**Exercise aim**
Please print every record below exactly as written, leaving out the pictures.

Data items
Segment Open

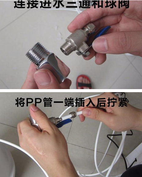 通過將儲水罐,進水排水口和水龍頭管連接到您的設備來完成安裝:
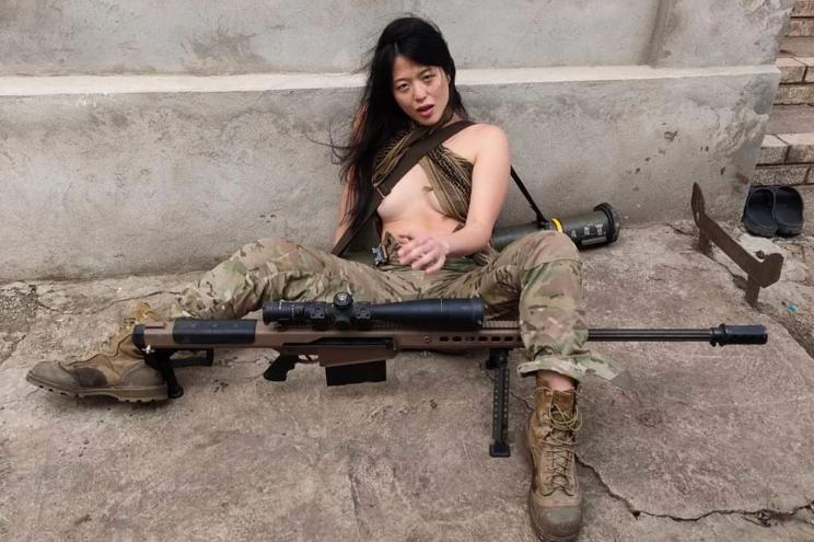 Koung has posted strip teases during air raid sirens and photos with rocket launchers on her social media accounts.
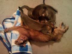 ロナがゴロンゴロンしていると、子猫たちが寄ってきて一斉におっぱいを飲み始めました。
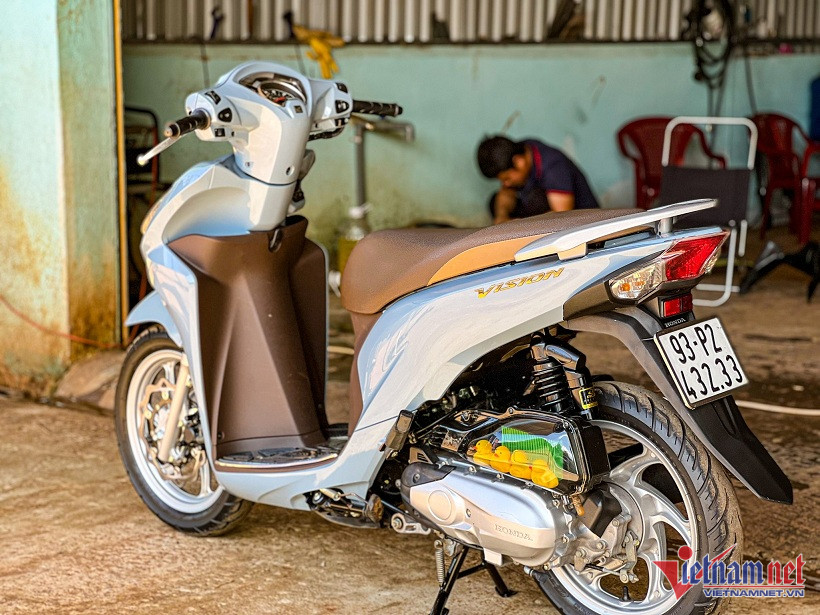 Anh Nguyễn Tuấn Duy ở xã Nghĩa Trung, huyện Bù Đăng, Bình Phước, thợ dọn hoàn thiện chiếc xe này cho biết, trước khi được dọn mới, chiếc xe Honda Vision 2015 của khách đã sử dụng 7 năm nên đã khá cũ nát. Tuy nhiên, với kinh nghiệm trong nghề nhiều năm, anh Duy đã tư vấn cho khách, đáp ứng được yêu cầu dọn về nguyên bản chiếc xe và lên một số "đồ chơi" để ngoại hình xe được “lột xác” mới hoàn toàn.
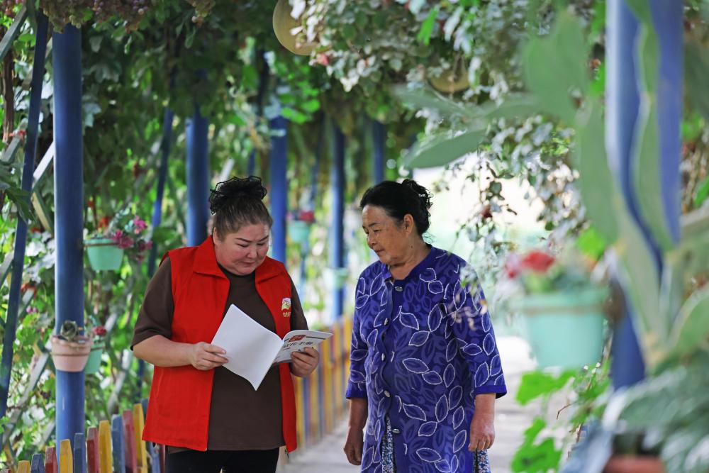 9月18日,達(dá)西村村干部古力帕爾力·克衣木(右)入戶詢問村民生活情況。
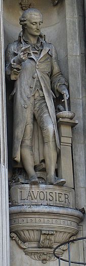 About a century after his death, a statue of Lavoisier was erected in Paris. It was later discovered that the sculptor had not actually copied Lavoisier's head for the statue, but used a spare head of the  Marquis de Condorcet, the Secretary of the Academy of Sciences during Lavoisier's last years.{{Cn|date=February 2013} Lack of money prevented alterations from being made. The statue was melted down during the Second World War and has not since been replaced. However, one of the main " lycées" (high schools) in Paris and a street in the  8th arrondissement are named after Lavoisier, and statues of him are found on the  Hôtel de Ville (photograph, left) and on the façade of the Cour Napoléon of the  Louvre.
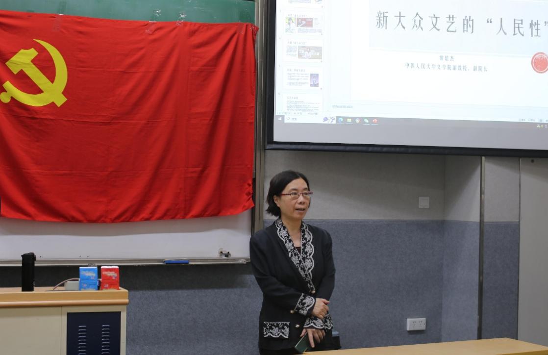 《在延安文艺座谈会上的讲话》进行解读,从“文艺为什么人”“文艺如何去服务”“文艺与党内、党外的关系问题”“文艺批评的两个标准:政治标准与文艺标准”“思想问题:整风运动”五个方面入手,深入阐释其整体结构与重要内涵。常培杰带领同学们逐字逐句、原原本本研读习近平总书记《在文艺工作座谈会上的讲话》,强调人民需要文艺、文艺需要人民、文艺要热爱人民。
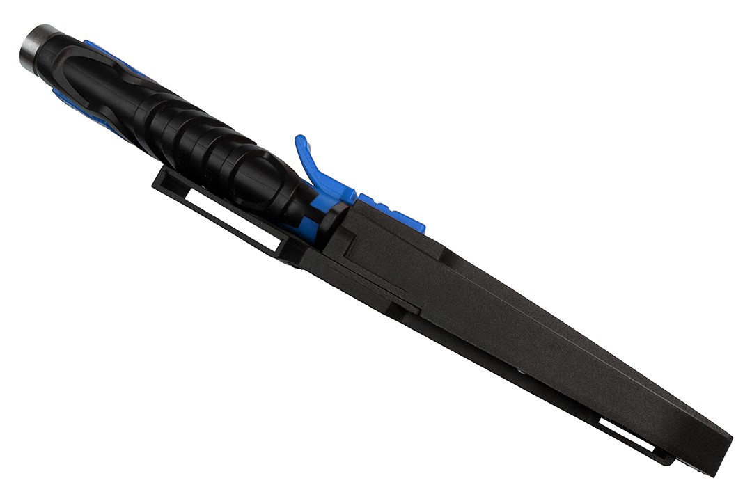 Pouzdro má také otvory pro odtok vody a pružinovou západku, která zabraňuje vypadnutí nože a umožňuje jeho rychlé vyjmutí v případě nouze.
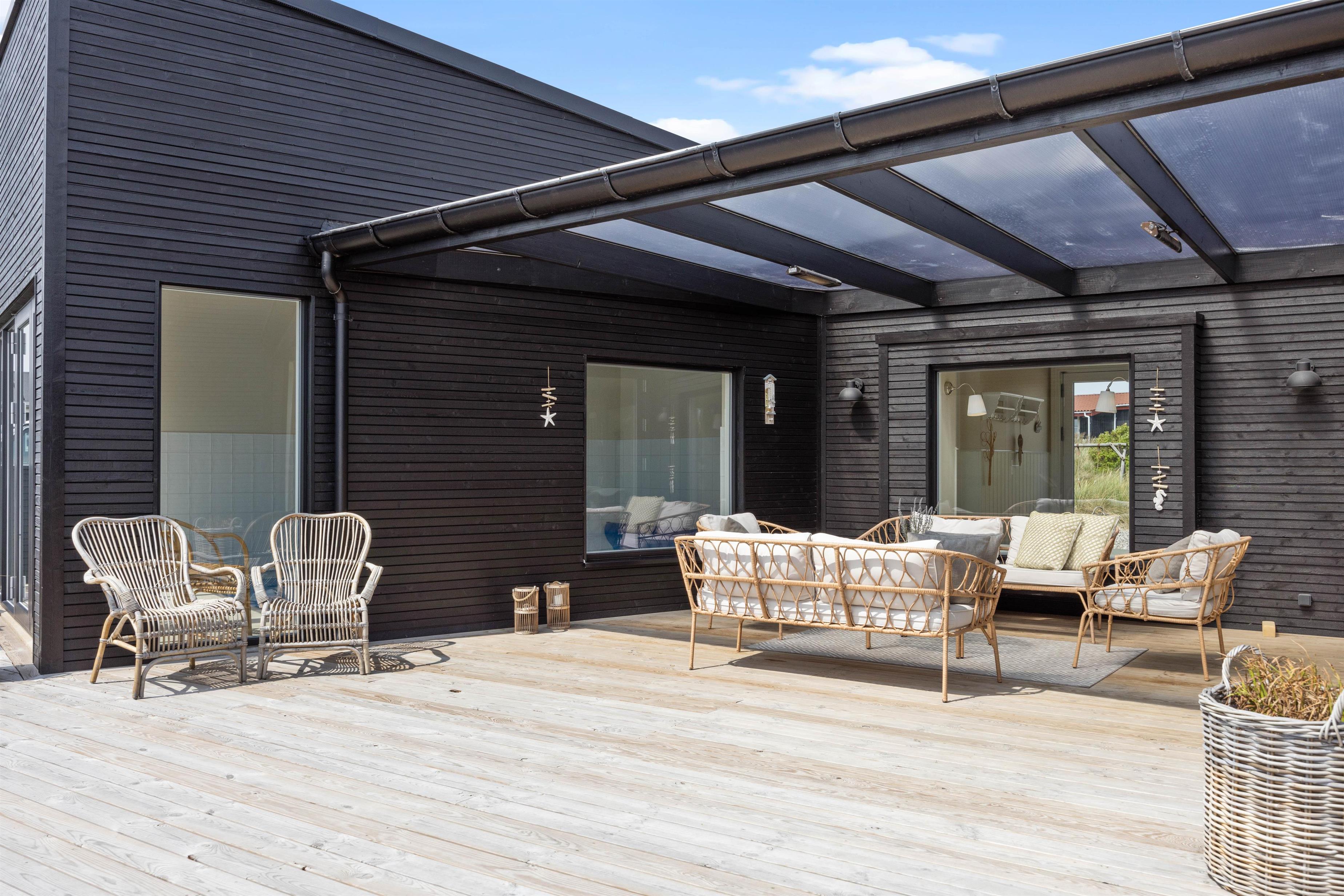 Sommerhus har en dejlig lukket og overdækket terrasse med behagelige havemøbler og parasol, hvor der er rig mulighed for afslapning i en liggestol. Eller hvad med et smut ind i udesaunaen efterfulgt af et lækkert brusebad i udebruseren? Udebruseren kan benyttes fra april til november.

Segment Closed

**Solution for this exercise**
 通過將儲水罐,進水排水口和水龍頭管連接到您的設備來完成安裝:
 Koung has posted strip teases during air raid sirens and photos with rocket launchers on her social media accounts.
 ロナがゴロンゴロンしていると、子猫たちが寄ってきて一斉におっぱいを飲み始めました。
 Anh Nguyễn Tuấn Duy ở xã Nghĩa Trung, huyện Bù Đăng, Bình Phước, thợ dọn hoàn thiện chiếc xe này cho biết, trước khi được dọn mới, chiếc xe Honda Vision 2015 của khách đã sử dụng 7 năm nên đã khá cũ nát. Tuy nhiên, với kinh nghiệm trong nghề nhiều năm, anh Duy đã tư vấn cho khách, đáp ứng được yêu cầu dọn về nguyên bản chiếc xe và lên một số "đồ chơi" để ngoại hình xe được “lột xác” mới hoàn toàn.
 9月18日,達(dá)西村村干部古力帕爾力·克衣木(右)入戶詢問村民生活情況。
 About a century after his death, a statue of Lavoisier was erected in Paris. It was later discovered that the sculptor had not actually copied Lavoisier's head for the statue, but used a spare head of the  Marquis de Condorcet, the Secretary of the Academy of Sciences during Lavoisier's last years.{{Cn|date=February 2013} Lack of money prevented alterations from being made. The statue was melted down during the Second World War and has not since been replaced. However, one of the main " lycées" (high schools) in Paris and a street in the  8th arrondissement are named after Lavoisier, and statues of him are found on the  Hôtel de Ville (photograph, left) and on the façade of the Cour Napoléon of the  Louvre.
 《在延安文艺座谈会上的讲话》进行解读,从“文艺为什么人”“文艺如何去服务”“文艺与党内、党外的关系问题”“文艺批评的两个标准:政治标准与文艺标准”“思想问题:整风运动”五个方面入手,深入阐释其整体结构与重要内涵。常培杰带领同学们逐字逐句、原原本本研读习近平总书记《在文艺工作座谈会上的讲话》,强调人民需要文艺、文艺需要人民、文艺要热爱人民。
 Pouzdro má také otvory pro odtok vody a pružinovou západku, která zabraňuje vypadnutí nože a umožňuje jeho rychlé vyjmutí v případě nouze.
 Sommerhus har en dejlig lukket og overdækket terrasse med behagelige havemøbler og parasol, hvor der er rig mulighed for afslapning i en liggestol. Eller hvad med et smut ind i udesaunaen efterfulgt af et lækkert brusebad i udebruseren? Udebruseren kan benyttes fra april til november.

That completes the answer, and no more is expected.